(Dataset items)

===============

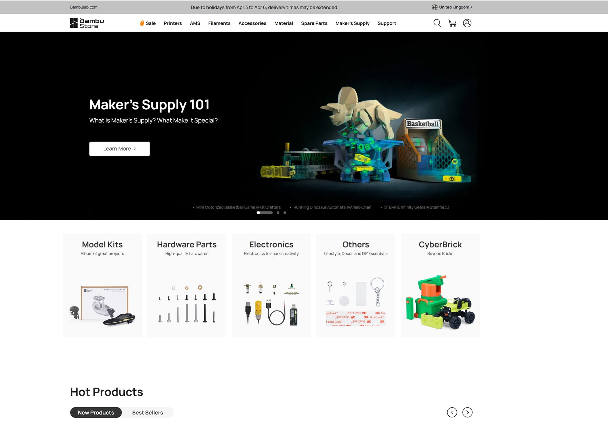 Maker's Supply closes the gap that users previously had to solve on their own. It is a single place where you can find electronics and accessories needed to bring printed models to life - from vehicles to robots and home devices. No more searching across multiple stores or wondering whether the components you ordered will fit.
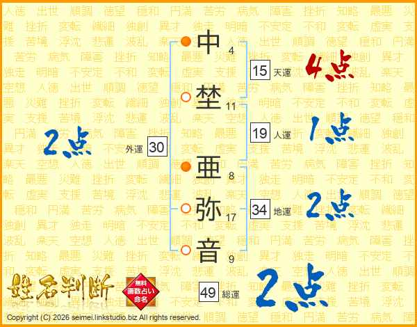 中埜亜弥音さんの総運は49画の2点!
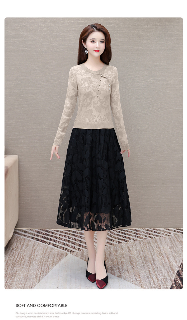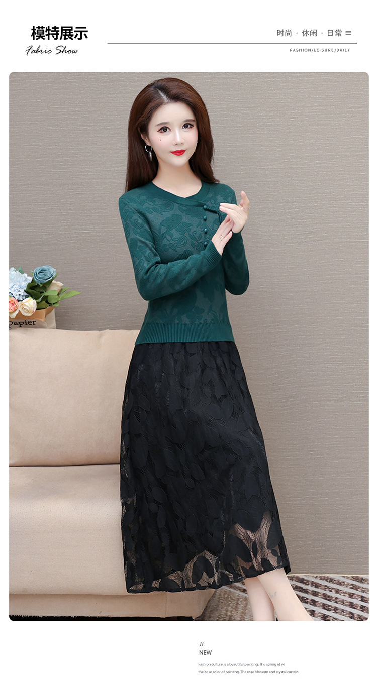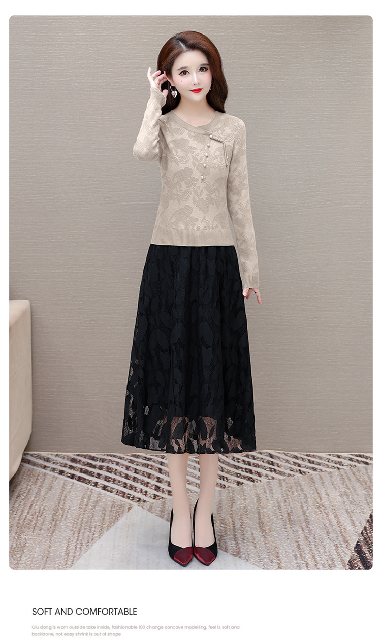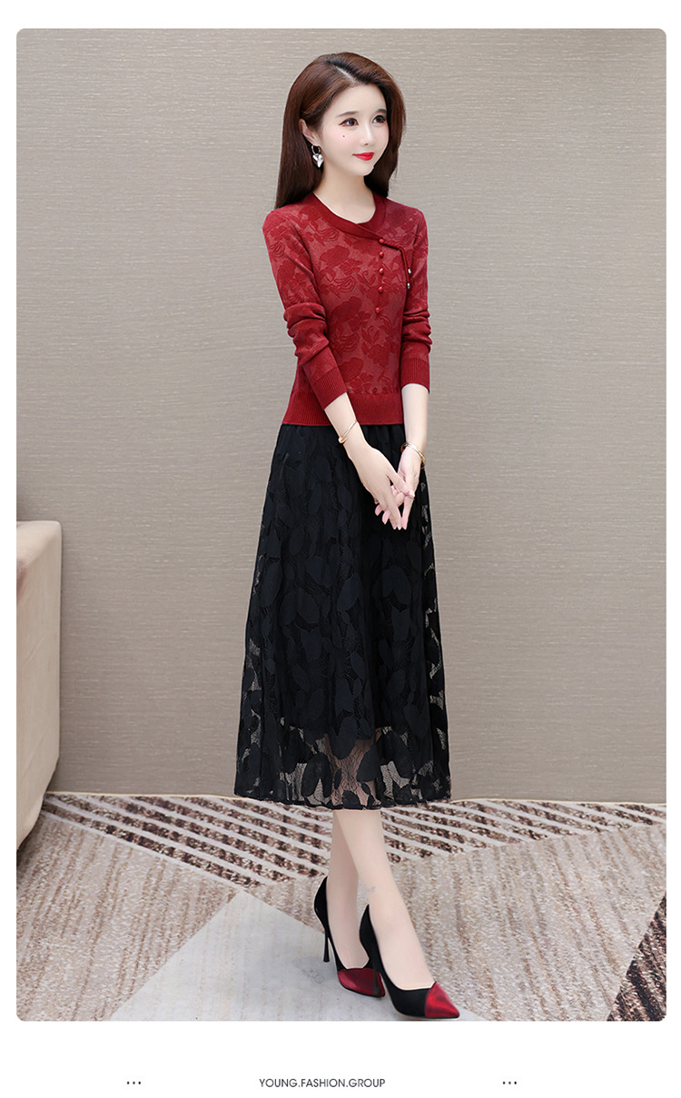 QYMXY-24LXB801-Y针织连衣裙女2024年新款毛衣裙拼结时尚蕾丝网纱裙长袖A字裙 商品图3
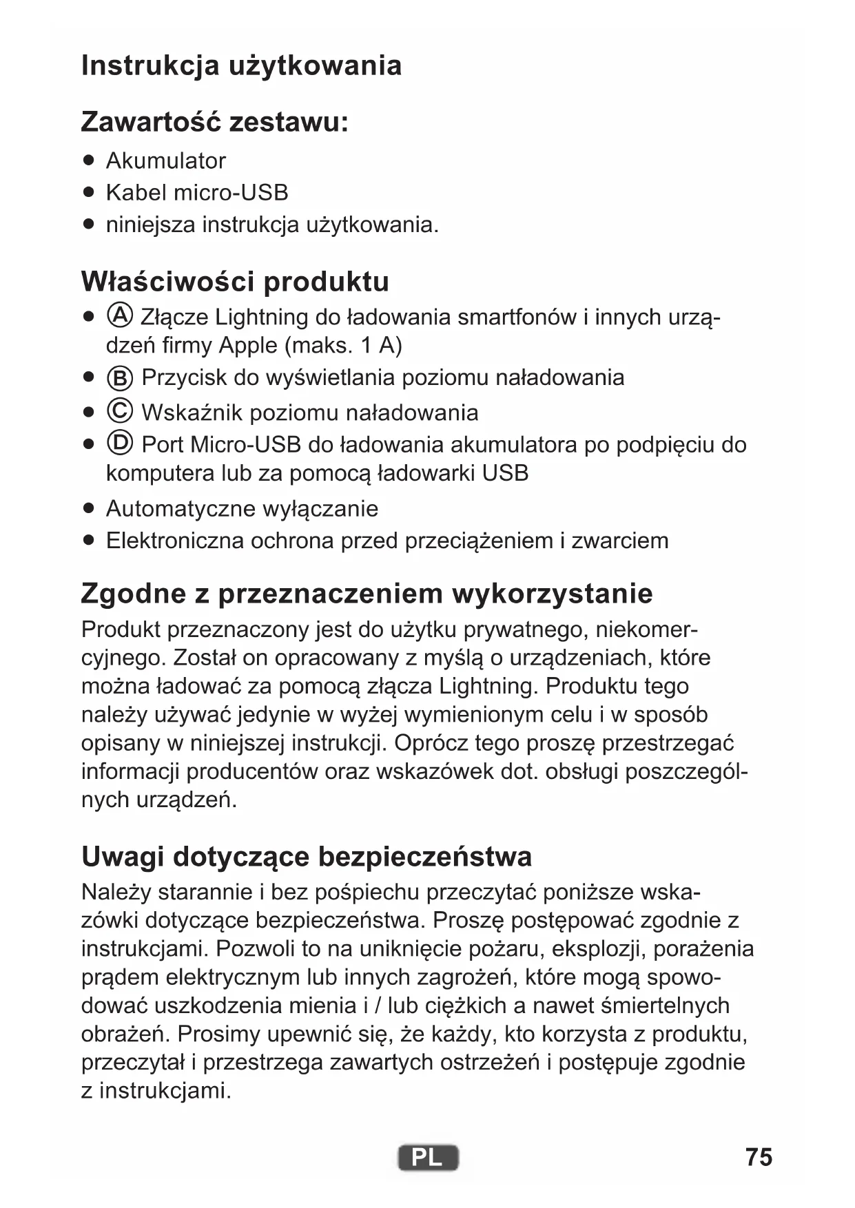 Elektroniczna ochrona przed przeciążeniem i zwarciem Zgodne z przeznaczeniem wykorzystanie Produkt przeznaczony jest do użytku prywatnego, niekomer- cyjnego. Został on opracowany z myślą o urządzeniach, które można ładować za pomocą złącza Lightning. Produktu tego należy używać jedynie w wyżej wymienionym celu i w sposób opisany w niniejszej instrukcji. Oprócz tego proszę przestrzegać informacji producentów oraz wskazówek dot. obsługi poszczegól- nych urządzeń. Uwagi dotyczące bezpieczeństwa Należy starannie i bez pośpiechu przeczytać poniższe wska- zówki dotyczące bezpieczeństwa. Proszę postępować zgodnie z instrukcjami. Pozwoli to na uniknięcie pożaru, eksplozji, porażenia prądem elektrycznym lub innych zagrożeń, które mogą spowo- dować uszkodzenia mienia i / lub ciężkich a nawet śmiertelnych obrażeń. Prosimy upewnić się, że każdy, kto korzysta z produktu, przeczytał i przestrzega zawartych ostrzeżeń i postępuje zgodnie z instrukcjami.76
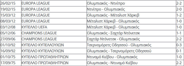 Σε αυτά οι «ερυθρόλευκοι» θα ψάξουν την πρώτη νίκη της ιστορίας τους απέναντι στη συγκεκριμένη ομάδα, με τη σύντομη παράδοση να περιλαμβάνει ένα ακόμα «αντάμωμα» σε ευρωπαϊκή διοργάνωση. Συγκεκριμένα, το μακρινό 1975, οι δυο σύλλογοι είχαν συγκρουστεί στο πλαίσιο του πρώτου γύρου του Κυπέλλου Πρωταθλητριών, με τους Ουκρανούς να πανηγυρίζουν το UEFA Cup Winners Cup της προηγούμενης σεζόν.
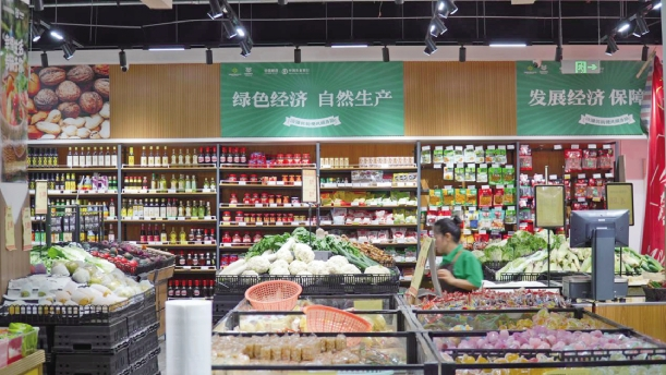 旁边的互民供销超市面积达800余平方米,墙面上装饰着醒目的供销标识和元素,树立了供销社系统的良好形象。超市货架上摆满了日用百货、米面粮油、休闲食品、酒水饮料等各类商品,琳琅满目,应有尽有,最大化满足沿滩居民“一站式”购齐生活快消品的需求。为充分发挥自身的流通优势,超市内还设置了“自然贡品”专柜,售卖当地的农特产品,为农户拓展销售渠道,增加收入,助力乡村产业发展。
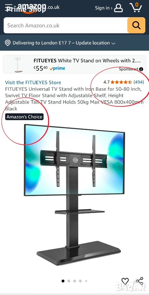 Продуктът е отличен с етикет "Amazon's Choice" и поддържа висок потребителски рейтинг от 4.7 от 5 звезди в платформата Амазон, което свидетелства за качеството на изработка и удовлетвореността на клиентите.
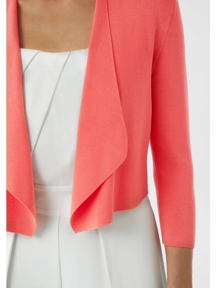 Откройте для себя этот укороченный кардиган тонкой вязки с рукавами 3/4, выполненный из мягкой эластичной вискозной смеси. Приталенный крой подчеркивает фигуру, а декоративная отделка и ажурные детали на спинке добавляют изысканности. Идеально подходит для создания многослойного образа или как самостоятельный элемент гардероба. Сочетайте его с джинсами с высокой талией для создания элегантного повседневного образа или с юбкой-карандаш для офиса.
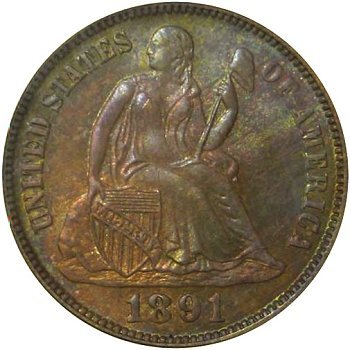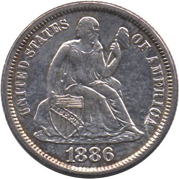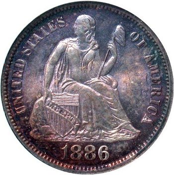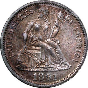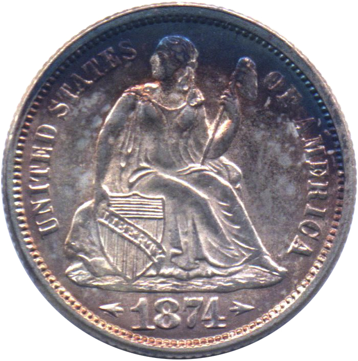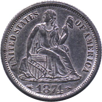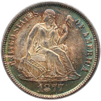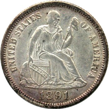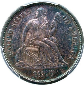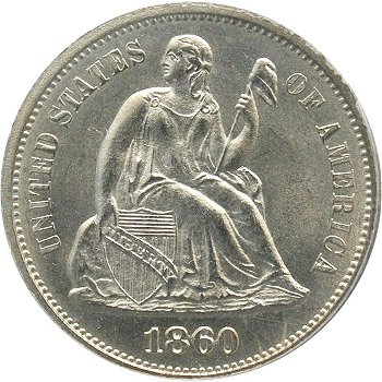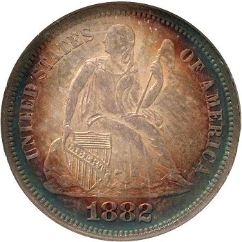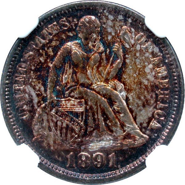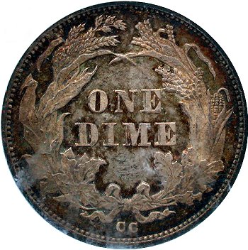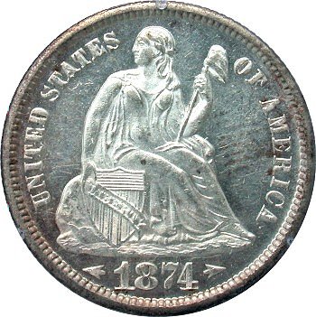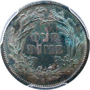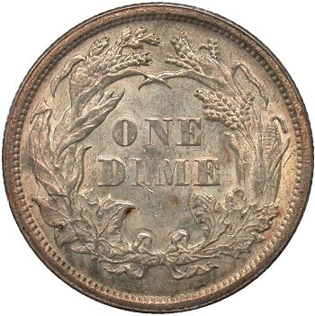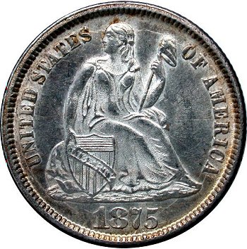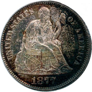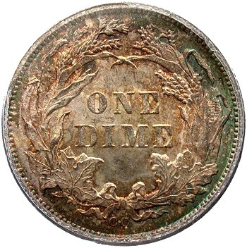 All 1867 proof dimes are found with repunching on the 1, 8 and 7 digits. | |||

===============

• Work instruction
Would you please repeat only the lines above, beginning at the one that has "της προηγούμενης σεζόν." and stopping after the one that has "Продуктът е отличен", exactly and with no pictures?

• Result of the exercise
 Σε αυτά οι «ερυθρόλευκοι» θα ψάξουν την πρώτη νίκη της ιστορίας τους απέναντι στη συγκεκριμένη ομάδα, με τη σύντομη παράδοση να περιλαμβάνει ένα ακόμα «αντάμωμα» σε ευρωπαϊκή διοργάνωση. Συγκεκριμένα, το μακρινό 1975, οι δυο σύλλογοι είχαν συγκρουστεί στο πλαίσιο του πρώτου γύρου του Κυπέλλου Πρωταθλητριών, με τους Ουκρανούς να πανηγυρίζουν το UEFA Cup Winners Cup της προηγούμενης σεζόν.
 旁边的互民供销超市面积达800余平方米,墙面上装饰着醒目的供销标识和元素,树立了供销社系统的良好形象。超市货架上摆满了日用百货、米面粮油、休闲食品、酒水饮料等各类商品,琳琅满目,应有尽有,最大化满足沿滩居民“一站式”购齐生活快消品的需求。为充分发挥自身的流通优势,超市内还设置了“自然贡品”专柜,售卖当地的农特产品,为农户拓展销售渠道,增加收入,助力乡村产业发展。
 Продуктът е отличен с етикет "Amazon's Choice" и поддържа висок потребителски рейтинг от 4.7 от 5 звезди в платформата Амазон, което свидетелства за качеството на изработка и удовлетвореността на клиентите.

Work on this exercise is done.